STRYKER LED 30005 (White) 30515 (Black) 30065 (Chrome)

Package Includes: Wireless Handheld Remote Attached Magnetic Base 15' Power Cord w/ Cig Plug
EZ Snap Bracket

---

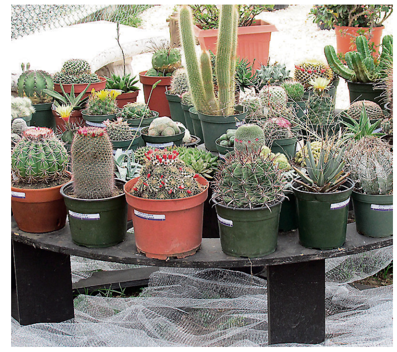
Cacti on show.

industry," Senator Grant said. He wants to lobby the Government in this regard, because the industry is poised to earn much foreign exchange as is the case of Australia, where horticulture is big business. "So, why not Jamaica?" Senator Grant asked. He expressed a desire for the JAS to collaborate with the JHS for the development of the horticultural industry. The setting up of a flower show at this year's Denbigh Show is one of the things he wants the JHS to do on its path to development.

Aim of the task: For the material above, reproduce exactly the lines from the line with "Package Includes: Wireless" to the line with "EZ Snap Bracket", inclusive, and exclude all others.

Task response:
Package Includes: Wireless Handheld Remote Attached Magnetic Base 15' Power Cord w/ Cig Plug
EZ Snap Bracket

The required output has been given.